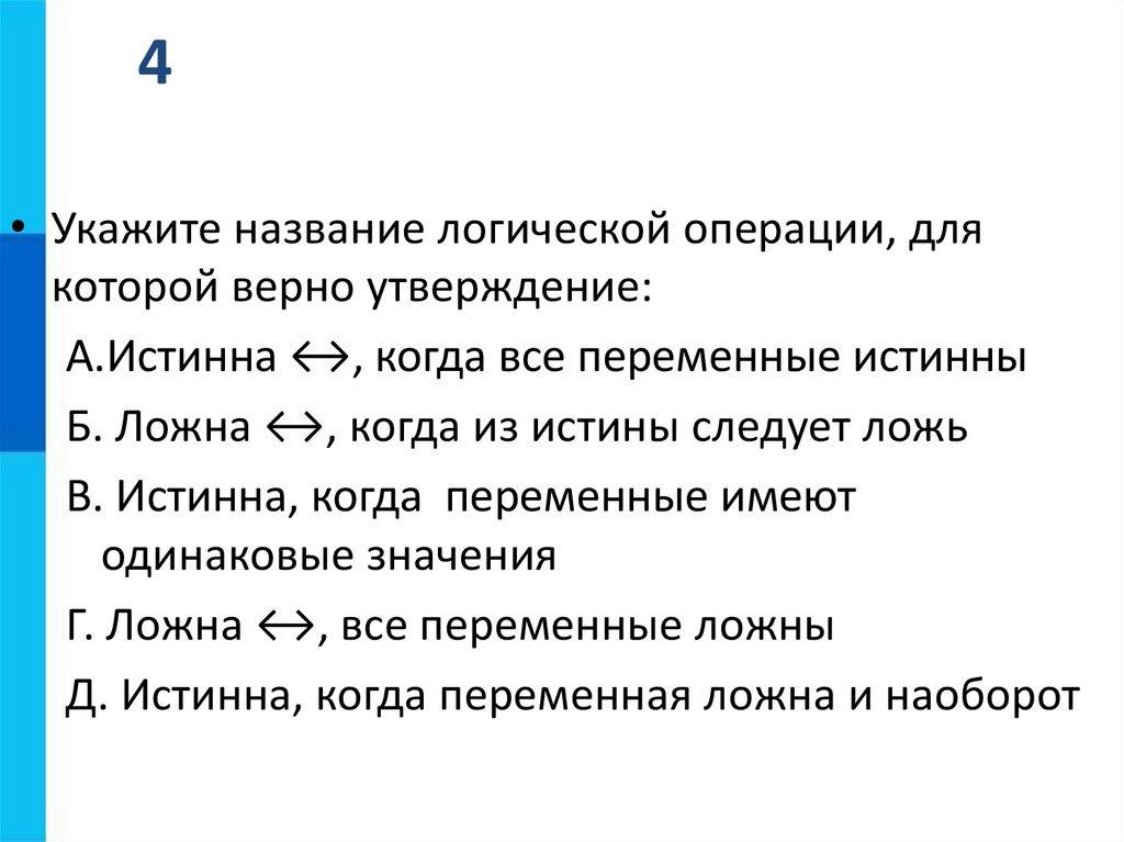 4• Укажите название логической операции, для
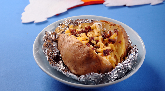 تُقطع البطاطا من المنتصف وتُحشى بالجبنة واللحم المقدد والكريمة الحامضة.
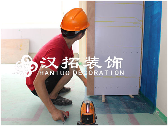 衣柜固定應用紅外線水平儀調平,再用木楔釘入確保穩(wěn)固。
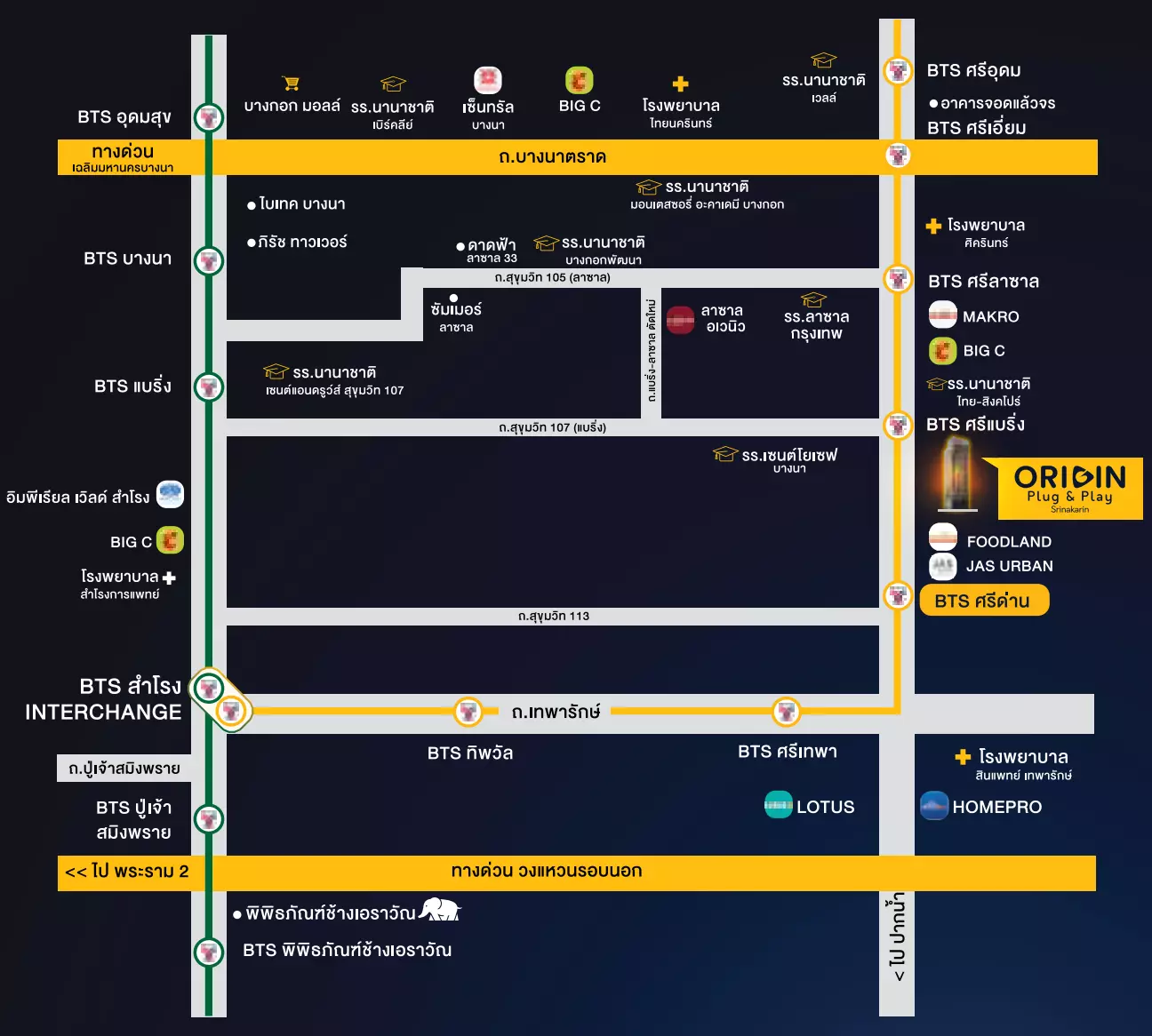 แผนที่กราฟฟิกจากโครงการ แสดงตำแหน่งของ Origin Plug & Play Srinakarin (ออริจิ้น ปลั๊ก แอนด์ เพลย์ ศรีนครินทร์) คอนโด High Rise ที่ตั้งอยู่ติดถนนศรีนครินทร์ โดยถนนเส้นนี้ถือเป็นถนนหลักที่ขับไปเชื่อมต่อกับถนนใหญ่ได้อีกหลายสาย ทั้งถนนบางนา – ตราด , ถนนเทพารักษ์ และถนนสุขุมวิท โดยใช้ซอยสุขุมวิท 105 (ลาซาล) , ซอยสุขุมวิท 107 (แบริ่ง) และซอยสุขุมวิท 113 (ด่านสำโรง) เป็นเส้นทางลัดได้ เหมาะกับคนที่ทำงานอยู่ในโซนบางนา – สุขุมวิท เดินทางเข้า – ออกเมืองง่าย ใกล้ทางด่วนถึง 2 สาย ทั้งทางด่วนวงแหวนรอบนอกและทางด่วนเฉลิมมหานครในระยะ 3.7 กิโลเมตร สำหรับใครที่ใช้รถส่วนตัวในการเดินทางก็ถือว่าสะดวกสบายมาก
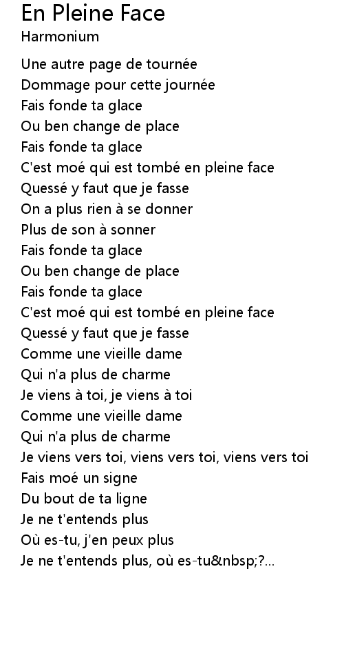 | Song | En Pleine Face |

• • • • •

To do: All that the answer may contain is the exact text of the lines from the one with "تُقطع البطاطا من" through the last line of the material, pictures excluded.

Solution for this problem:
 تُقطع البطاطا من المنتصف وتُحشى بالجبنة واللحم المقدد والكريمة الحامضة.
 衣柜固定應用紅外線水平儀調平,再用木楔釘入確保穩(wěn)固。
 แผนที่กราฟฟิกจากโครงการ แสดงตำแหน่งของ Origin Plug & Play Srinakarin (ออริจิ้น ปลั๊ก แอนด์ เพลย์ ศรีนครินทร์) คอนโด High Rise ที่ตั้งอยู่ติดถนนศรีนครินทร์ โดยถนนเส้นนี้ถือเป็นถนนหลักที่ขับไปเชื่อมต่อกับถนนใหญ่ได้อีกหลายสาย ทั้งถนนบางนา – ตราด , ถนนเทพารักษ์ และถนนสุขุมวิท โดยใช้ซอยสุขุมวิท 105 (ลาซาล) , ซอยสุขุมวิท 107 (แบริ่ง) และซอยสุขุมวิท 113 (ด่านสำโรง) เป็นเส้นทางลัดได้ เหมาะกับคนที่ทำงานอยู่ในโซนบางนา – สุขุมวิท เดินทางเข้า – ออกเมืองง่าย ใกล้ทางด่วนถึง 2 สาย ทั้งทางด่วนวงแหวนรอบนอกและทางด่วนเฉลิมมหานครในระยะ 3.7 กิโลเมตร สำหรับใครที่ใช้รถส่วนตัวในการเดินทางก็ถือว่าสะดวกสบายมาก
 | Song | En Pleine Face |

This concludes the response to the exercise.